#### Problem requirements
Leaving all pictures aside, copy exactly the lines from the start of the listing below through the line that contains "os valores experimentais", and only those lines.

#### Data shown
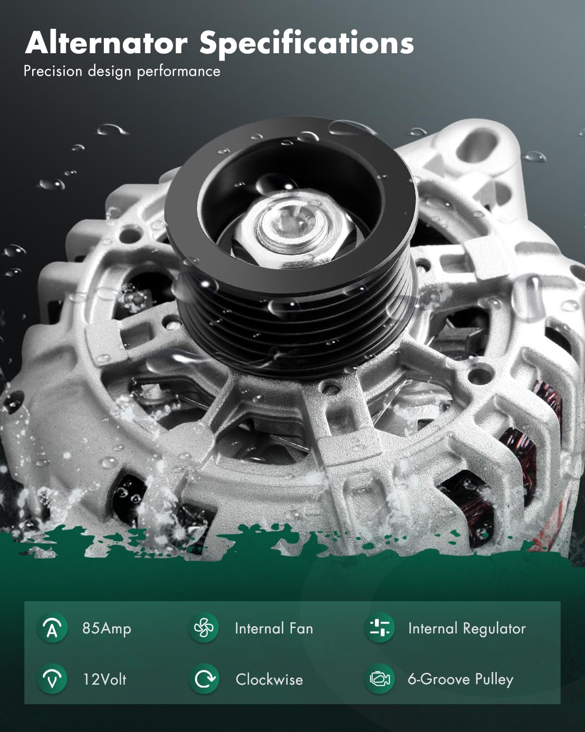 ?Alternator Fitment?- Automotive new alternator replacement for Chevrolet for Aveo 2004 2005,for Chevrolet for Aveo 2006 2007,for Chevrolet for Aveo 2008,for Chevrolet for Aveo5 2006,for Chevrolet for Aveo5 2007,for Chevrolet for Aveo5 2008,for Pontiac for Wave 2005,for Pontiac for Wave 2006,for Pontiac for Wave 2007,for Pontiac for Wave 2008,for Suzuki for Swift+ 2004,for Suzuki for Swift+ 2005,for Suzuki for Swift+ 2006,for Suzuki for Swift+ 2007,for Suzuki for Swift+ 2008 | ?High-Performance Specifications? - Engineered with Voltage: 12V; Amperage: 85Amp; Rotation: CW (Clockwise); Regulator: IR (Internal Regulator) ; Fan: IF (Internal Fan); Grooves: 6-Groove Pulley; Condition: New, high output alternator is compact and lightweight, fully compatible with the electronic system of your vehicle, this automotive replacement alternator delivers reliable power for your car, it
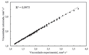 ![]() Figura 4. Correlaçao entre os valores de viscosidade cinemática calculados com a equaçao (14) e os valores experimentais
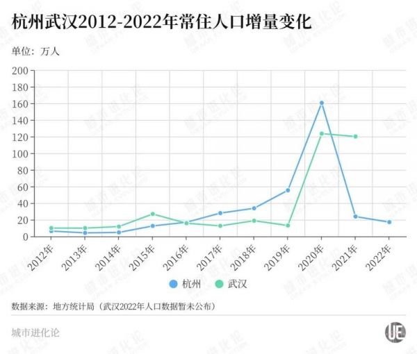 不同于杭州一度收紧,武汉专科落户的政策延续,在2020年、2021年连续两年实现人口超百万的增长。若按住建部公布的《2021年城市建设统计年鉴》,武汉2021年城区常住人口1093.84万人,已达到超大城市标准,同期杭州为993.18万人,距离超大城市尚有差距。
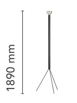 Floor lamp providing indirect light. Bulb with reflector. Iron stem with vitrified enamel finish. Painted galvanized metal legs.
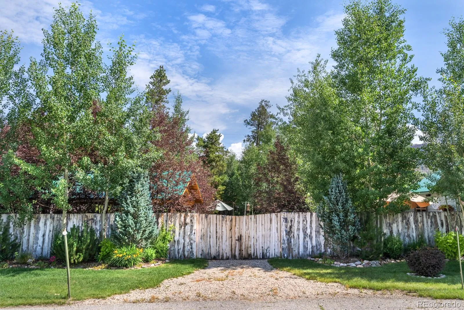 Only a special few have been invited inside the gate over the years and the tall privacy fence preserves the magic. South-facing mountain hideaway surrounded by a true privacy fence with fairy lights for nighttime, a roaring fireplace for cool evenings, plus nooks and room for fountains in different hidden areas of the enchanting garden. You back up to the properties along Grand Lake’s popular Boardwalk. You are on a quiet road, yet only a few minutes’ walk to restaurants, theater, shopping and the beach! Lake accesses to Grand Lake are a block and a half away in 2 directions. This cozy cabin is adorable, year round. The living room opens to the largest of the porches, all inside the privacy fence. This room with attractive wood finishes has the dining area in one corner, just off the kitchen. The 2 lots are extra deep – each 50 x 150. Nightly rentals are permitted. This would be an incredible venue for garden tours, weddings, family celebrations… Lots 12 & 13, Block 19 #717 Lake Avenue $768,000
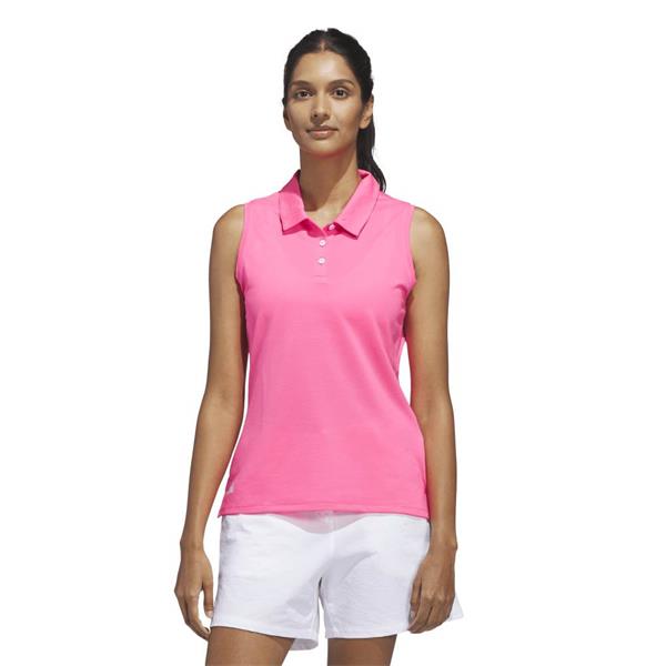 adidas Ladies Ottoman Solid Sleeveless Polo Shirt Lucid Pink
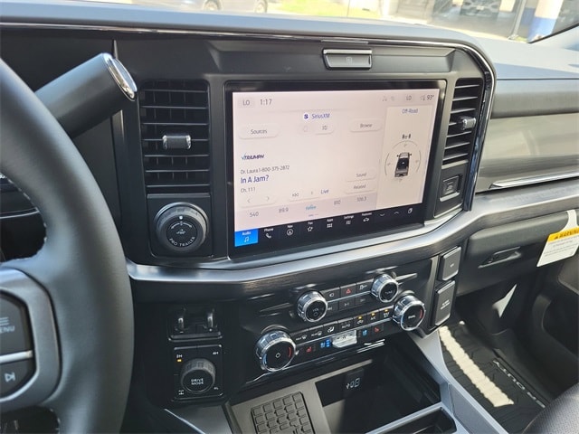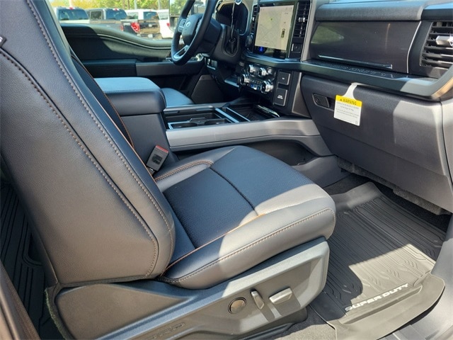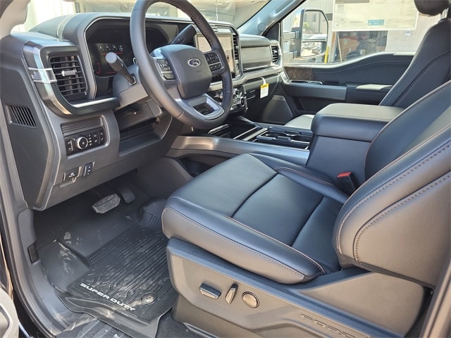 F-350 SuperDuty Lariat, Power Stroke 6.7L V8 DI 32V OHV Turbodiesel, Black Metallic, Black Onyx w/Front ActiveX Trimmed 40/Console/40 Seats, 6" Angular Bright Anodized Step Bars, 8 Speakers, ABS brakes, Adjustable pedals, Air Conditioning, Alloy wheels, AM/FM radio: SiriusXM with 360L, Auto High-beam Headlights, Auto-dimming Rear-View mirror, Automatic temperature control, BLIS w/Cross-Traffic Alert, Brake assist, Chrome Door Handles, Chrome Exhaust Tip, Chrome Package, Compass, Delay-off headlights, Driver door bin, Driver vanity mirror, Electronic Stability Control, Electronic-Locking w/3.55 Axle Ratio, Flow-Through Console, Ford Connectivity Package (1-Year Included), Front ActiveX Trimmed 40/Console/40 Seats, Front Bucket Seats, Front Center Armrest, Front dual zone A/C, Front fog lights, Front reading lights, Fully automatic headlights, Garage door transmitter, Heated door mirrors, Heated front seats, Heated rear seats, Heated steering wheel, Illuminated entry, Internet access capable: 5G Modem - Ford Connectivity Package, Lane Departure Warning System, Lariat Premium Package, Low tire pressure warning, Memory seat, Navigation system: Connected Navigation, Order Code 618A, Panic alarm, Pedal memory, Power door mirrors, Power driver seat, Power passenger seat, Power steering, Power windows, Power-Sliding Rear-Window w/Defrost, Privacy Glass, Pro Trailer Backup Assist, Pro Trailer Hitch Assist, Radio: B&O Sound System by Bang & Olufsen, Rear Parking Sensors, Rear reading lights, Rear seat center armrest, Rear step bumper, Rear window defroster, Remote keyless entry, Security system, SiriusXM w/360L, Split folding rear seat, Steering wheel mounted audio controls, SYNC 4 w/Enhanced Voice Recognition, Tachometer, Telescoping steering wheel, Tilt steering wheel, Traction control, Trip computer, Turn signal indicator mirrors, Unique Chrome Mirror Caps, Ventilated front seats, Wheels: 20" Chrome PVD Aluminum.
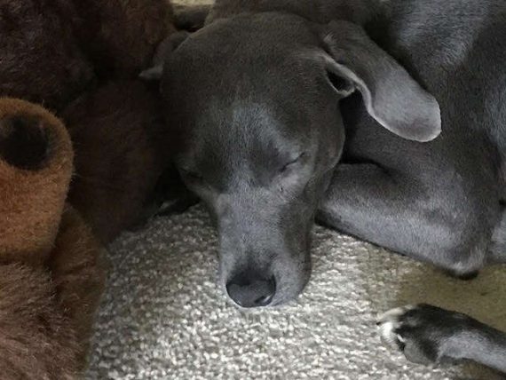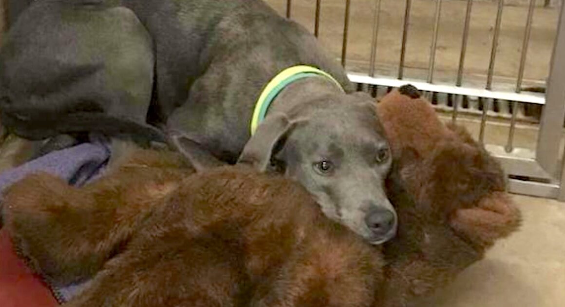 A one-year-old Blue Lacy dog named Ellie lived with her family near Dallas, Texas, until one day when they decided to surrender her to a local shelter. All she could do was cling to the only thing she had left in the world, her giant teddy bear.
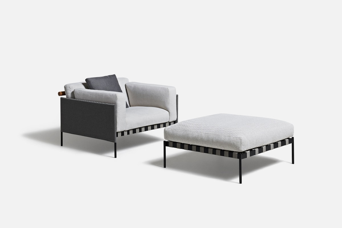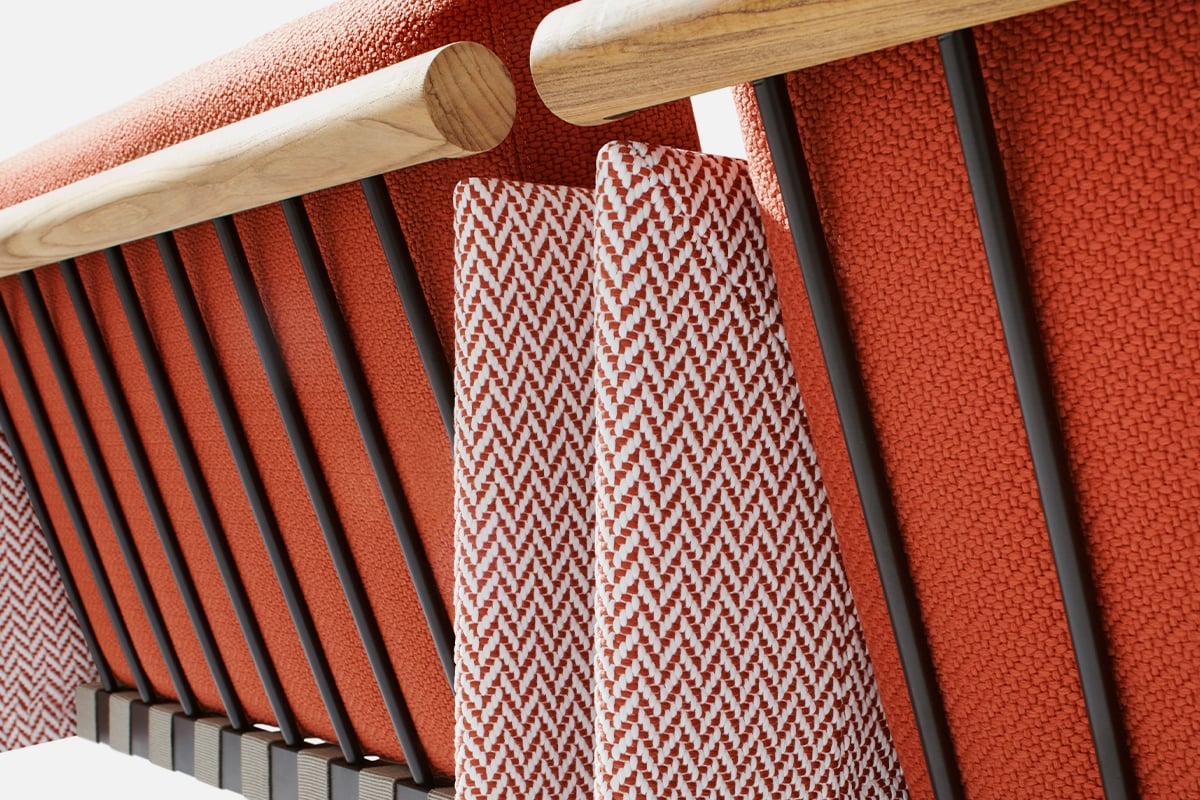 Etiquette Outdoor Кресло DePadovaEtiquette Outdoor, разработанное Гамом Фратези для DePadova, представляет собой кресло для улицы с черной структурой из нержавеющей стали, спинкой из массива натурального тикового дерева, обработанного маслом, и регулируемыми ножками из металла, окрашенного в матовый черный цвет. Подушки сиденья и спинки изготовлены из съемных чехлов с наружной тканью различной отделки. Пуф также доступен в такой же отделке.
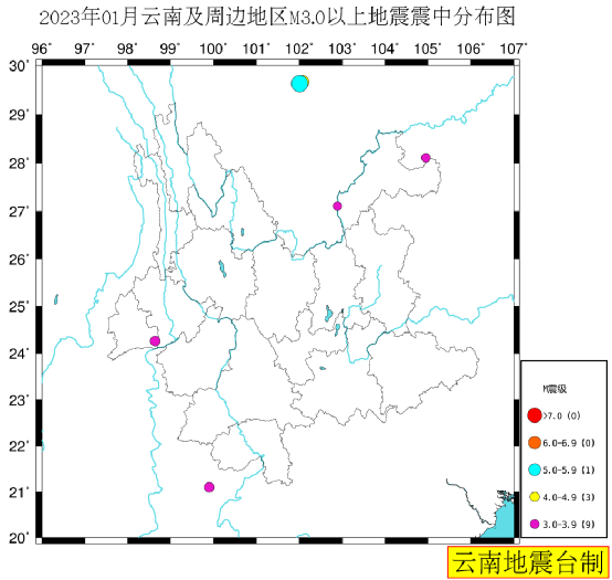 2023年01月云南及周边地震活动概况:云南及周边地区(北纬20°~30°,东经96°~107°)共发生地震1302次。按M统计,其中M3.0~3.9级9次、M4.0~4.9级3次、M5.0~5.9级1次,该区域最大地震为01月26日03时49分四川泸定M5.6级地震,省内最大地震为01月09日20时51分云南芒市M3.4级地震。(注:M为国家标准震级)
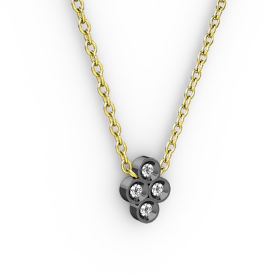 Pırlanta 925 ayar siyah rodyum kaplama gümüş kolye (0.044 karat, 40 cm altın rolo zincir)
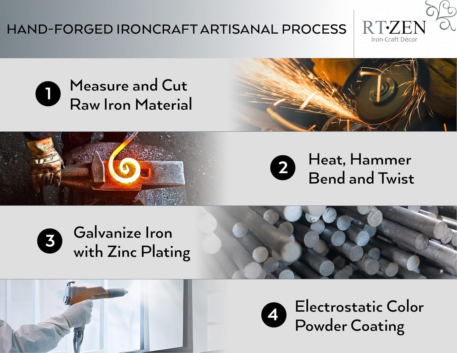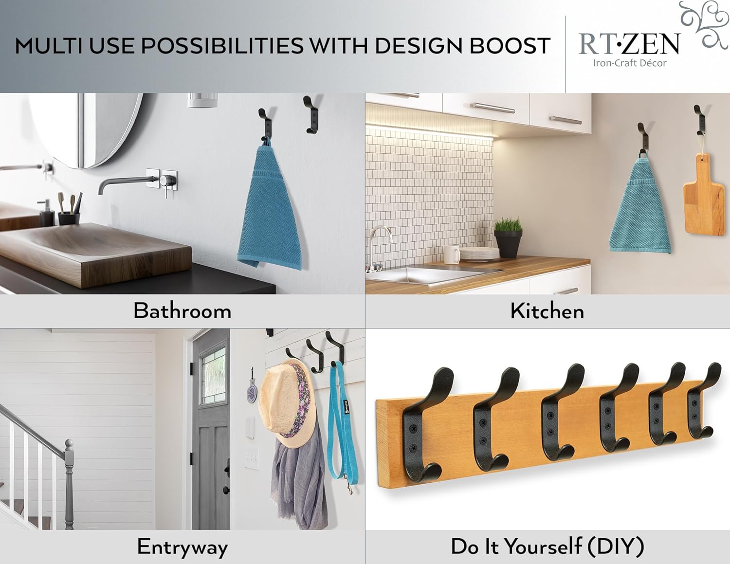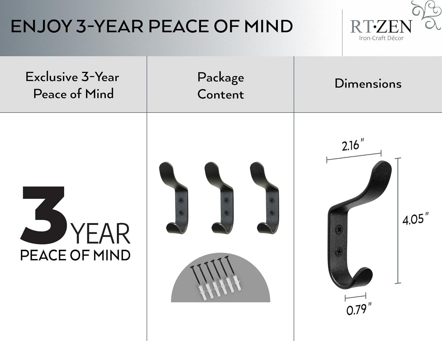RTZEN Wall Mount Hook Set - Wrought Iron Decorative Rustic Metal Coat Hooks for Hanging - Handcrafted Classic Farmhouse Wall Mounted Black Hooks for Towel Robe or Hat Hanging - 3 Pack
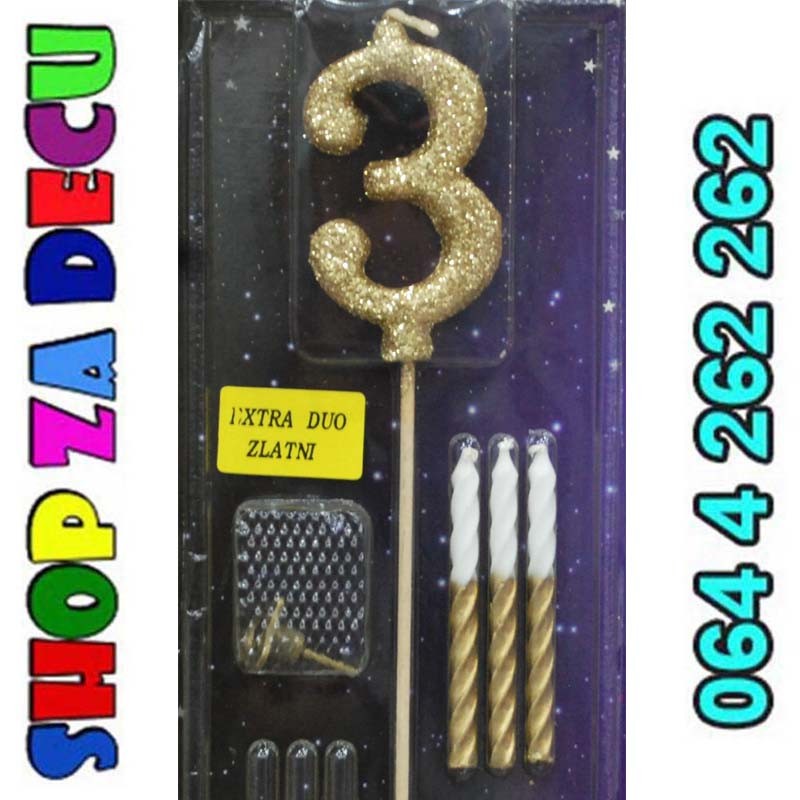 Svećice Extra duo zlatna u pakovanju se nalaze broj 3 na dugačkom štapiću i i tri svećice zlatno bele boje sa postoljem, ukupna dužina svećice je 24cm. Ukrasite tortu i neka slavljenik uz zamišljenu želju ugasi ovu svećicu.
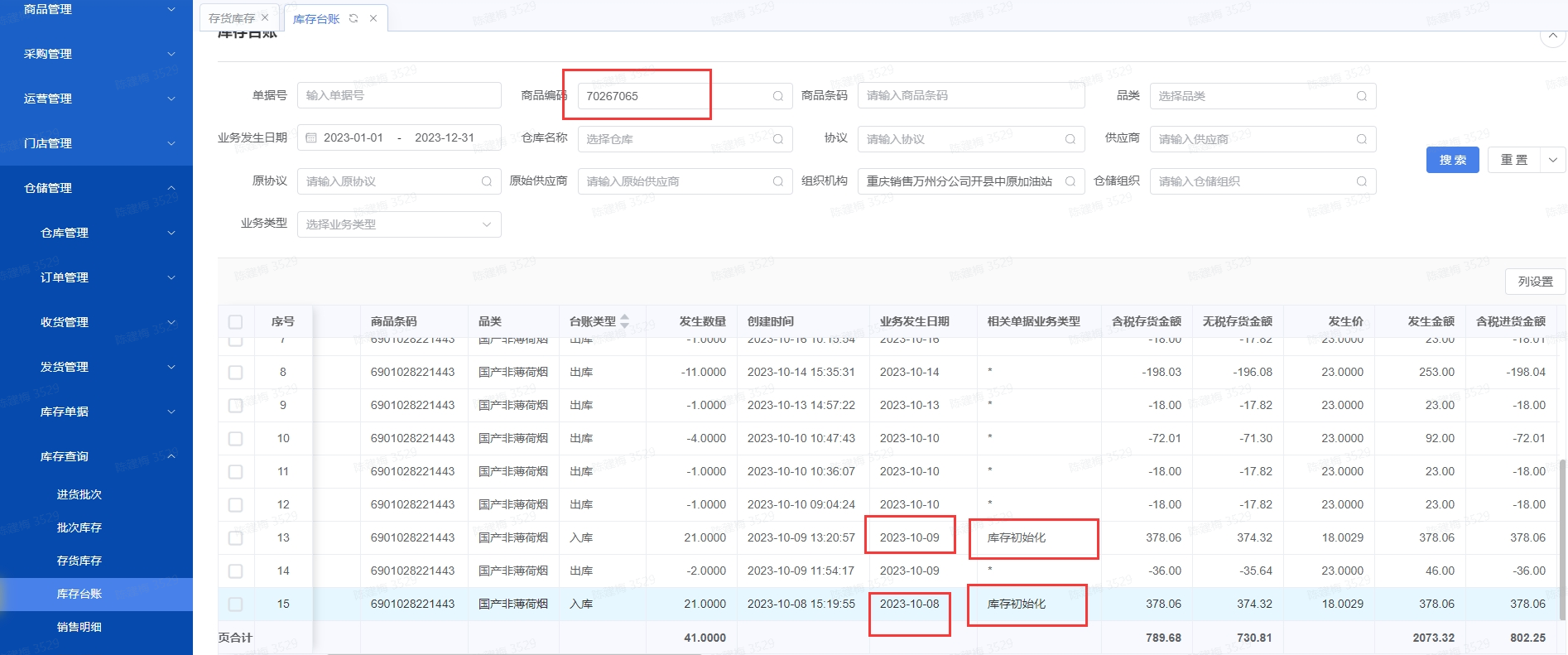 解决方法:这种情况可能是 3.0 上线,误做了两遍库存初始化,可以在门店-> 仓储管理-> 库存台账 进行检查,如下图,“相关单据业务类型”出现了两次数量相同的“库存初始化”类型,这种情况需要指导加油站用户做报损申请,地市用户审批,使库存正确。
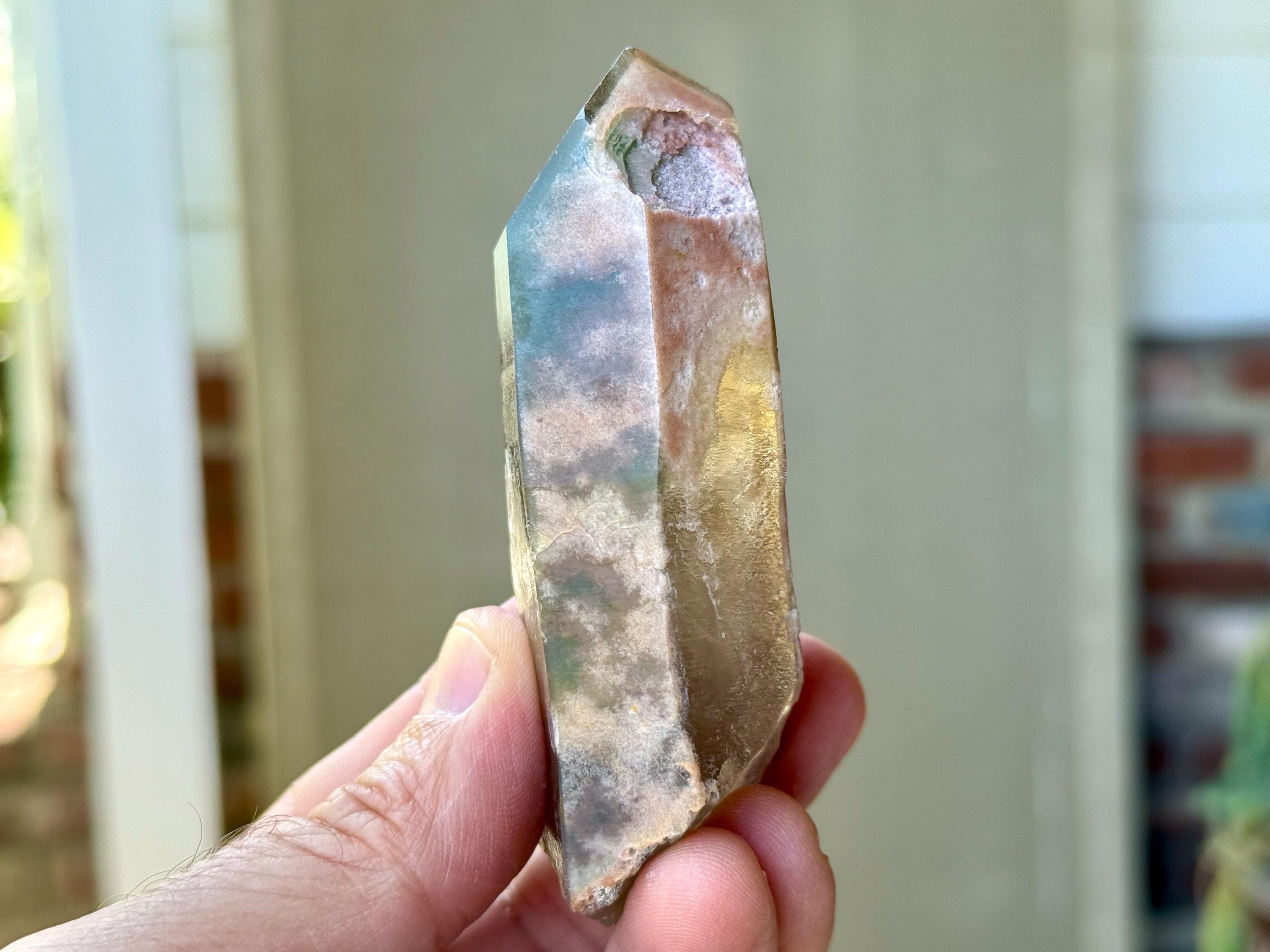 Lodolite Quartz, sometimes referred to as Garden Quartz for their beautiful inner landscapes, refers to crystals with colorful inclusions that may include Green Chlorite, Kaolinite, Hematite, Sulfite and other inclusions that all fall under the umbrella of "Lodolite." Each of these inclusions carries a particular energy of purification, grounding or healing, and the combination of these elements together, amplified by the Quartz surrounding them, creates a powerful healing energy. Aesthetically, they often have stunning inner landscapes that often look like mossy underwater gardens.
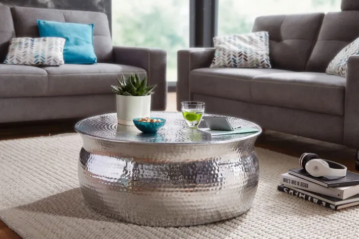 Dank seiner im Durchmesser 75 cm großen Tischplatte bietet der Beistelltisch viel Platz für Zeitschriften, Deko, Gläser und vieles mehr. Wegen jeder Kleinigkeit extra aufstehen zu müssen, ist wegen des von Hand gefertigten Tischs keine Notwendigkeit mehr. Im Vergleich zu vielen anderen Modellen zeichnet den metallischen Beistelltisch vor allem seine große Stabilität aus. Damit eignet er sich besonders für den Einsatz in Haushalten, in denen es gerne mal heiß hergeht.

#### Final answer
 ?Alternator Fitment?- Automotive new alternator replacement for Chevrolet for Aveo 2004 2005,for Chevrolet for Aveo 2006 2007,for Chevrolet for Aveo 2008,for Chevrolet for Aveo5 2006,for Chevrolet for Aveo5 2007,for Chevrolet for Aveo5 2008,for Pontiac for Wave 2005,for Pontiac for Wave 2006,for Pontiac for Wave 2007,for Pontiac for Wave 2008,for Suzuki for Swift+ 2004,for Suzuki for Swift+ 2005,for Suzuki for Swift+ 2006,for Suzuki for Swift+ 2007,for Suzuki for Swift+ 2008 | ?High-Performance Specifications? - Engineered with Voltage: 12V; Amperage: 85Amp; Rotation: CW (Clockwise); Regulator: IR (Internal Regulator) ; Fan: IF (Internal Fan); Grooves: 6-Groove Pulley; Condition: New, high output alternator is compact and lightweight, fully compatible with the electronic system of your vehicle, this automotive replacement alternator delivers reliable power for your car, it
 ![]() Figura 4. Correlaçao entre os valores de viscosidade cinemática calculados com a equaçao (14) e os valores experimentais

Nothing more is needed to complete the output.